In the United States, where the pandemic is still raging, discussions about how and when to resume in-person classes have been fraught. An absence of a national strategy has left school districts to craft their own approach. Coronavirus tests can be hard to come by. Parents have expressed misgivings about sending their children back to classrooms. Teachers’ unions have threatened to strike, while college students have flouted rules against gatherings.

The advantages and disadvantages of totalitarianism are evident in reading the article. The unity of purpose and even-handed AND heavy-handed application of rules results in compliance with rules issued by medical professionals and scientists. But adherence to those rules comes at a price… and the price is teachers working double duty as medical screeners and instructors and having to spend hours learning new protocols that change as new facts emerge. But the consequence of these stringent rules are salutary to the workforce… at least according to the propaganda produced by the state:

“When parents start a new day at work knowing that their children are well-protected at school,” read a recent commentary by Xinhua, the official news agency, “they will be filled with a sense of assurance living in this land where life is a top priority.”

Mr. Hernandez’ article also offers one additional example of how China’s totalitarianism differs from the United States’ laissez-faire approach: the state is providing its schools with the resources needed to execute the reopening:

Since (the phased reopening in Spring), the government has invested heavily in equipping schools with masks, gloves, infrared thermometers and other equipment.
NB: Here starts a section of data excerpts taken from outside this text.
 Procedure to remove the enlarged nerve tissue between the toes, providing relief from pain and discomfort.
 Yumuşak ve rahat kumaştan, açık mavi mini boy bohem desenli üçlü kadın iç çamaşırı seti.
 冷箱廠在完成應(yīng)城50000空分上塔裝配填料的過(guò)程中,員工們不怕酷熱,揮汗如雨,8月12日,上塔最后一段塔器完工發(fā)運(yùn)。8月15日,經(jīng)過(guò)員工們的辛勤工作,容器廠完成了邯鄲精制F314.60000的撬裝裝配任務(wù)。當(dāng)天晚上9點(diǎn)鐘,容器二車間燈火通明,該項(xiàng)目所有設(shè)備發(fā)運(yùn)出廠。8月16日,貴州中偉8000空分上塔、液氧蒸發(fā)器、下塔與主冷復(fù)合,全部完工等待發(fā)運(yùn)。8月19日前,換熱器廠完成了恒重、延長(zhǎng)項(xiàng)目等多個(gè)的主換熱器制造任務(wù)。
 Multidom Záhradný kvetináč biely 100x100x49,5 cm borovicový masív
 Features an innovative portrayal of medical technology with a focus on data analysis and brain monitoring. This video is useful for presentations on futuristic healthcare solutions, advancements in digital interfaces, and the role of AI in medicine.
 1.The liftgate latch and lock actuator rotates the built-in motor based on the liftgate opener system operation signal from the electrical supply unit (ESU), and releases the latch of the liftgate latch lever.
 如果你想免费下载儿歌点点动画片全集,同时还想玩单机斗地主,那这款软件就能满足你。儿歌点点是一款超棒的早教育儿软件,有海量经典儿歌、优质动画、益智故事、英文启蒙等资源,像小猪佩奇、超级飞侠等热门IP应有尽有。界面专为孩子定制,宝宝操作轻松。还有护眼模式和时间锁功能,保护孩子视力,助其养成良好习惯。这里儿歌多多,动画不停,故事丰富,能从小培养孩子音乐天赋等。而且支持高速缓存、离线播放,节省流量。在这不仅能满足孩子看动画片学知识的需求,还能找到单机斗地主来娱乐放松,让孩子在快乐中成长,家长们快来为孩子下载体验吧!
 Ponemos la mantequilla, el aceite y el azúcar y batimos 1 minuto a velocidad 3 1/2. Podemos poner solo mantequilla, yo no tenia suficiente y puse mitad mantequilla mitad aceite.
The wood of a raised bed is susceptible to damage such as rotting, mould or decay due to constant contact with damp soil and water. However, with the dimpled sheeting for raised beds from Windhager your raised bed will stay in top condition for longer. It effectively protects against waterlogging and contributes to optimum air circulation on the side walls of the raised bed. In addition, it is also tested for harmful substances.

An elementary school in the eastern city of Xuzhou, for example, said it had 8,000 masks, 400 bottles of hand sanitizer, 440 pounds of ethanol and 1,000 packages of tissue on hand.
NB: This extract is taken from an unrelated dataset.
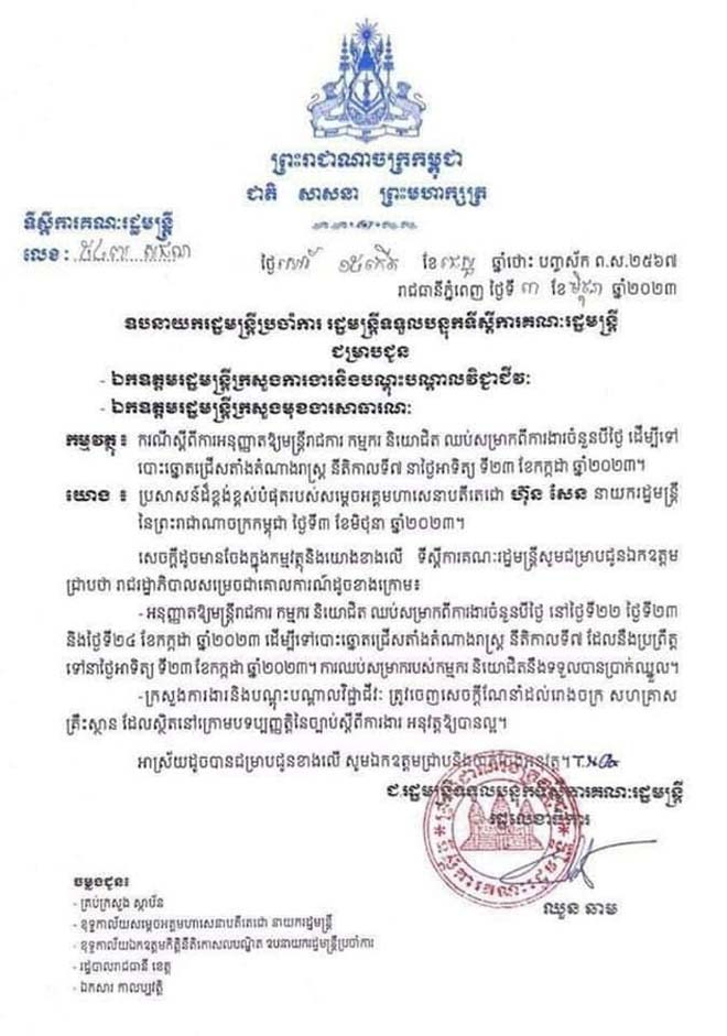 រាជធានីភ្នំពេញ ៖ រាជរដ្ឋាភិបាលបានអនុញ្ញាតឱ្យមន្ត្រីរាជការ កម្មករកម្មការិនី និយោជិត ឈប់សម្រាករយៈពេល៣ថ្ងៃ (ថ្ងៃទី២២- ២៣ -២៤ ខែកក្កដា ឆ្នាំ២០២៣) ដើម្បីទៅចូលរួមបោះឆ្នោតជ្រើសតាំងតំណាងរាស្រ្ដនាថ្ងៃទី២៣ ខែកក្កដា ឆ្នាំ២០២៣ខាងមុខ៕

Meanwhile, in our country schools have not received any earmarked funding from the federal government and none was on offer in the recent “skinny” pandemic funding package offered by the GOP. Worse, the GOP-led central government has no intention of providing any financial support to the States who are the primary source of funding public education.

But, as Mr. Hernandez notes, the Chinese system of authoritarianism has its own flaws. He offers several examples of pushback that indicate that the current model may not be sustainable, citing complaints from disgruntled teachers and stifled college students. Yet even with these flaws, he concludes his article with this observation:

Despite the hassle of some of the restrictions, many families welcome the resumption of classes. After months of leading makeshift lessons in their living rooms and nagging their children about playing too many video games, parents are relieved to be able to send them back to classes and after-school tutoring programs.

“We controlled the epidemic well and it will be good for our country,” said Sofia Tang, the mother of a high school freshman in the eastern city of Hangzhou. “If we handled this at all like they are handling it overseas, there would be riots.”

And, needless to say, if we tried to handle this like China did there would be riots as well. But there is a middle ground between the fundamentally dishonest way our central handled the pandemic and the school reopening and the way the Chinese government did. If our national leaders had appealed to our sense of community instead of resorting to partisan finger-pointing at the outset of the outbreak we could have achieved more unity of purpose. Had our President leveled with the public about the true dangers of COVID-19 instead of dismissing it as a “flu” and urged all Americans to follow the advice of epidemiologists we might have infection rates that mirror those in Europe instead of dwarfing them. Had our US Department of Education worked with the CDC to develop uniform protocols for the opening of schools and colleges instead of allowing each State and ultimately each school district to devise their own we might have done better. All of these actions could have taken place if we valued the expertise available to us and sought unity instead of division. We missed an opportunity for unity… let’s hope that if a second wave occurs we seize the opportunity to do it right.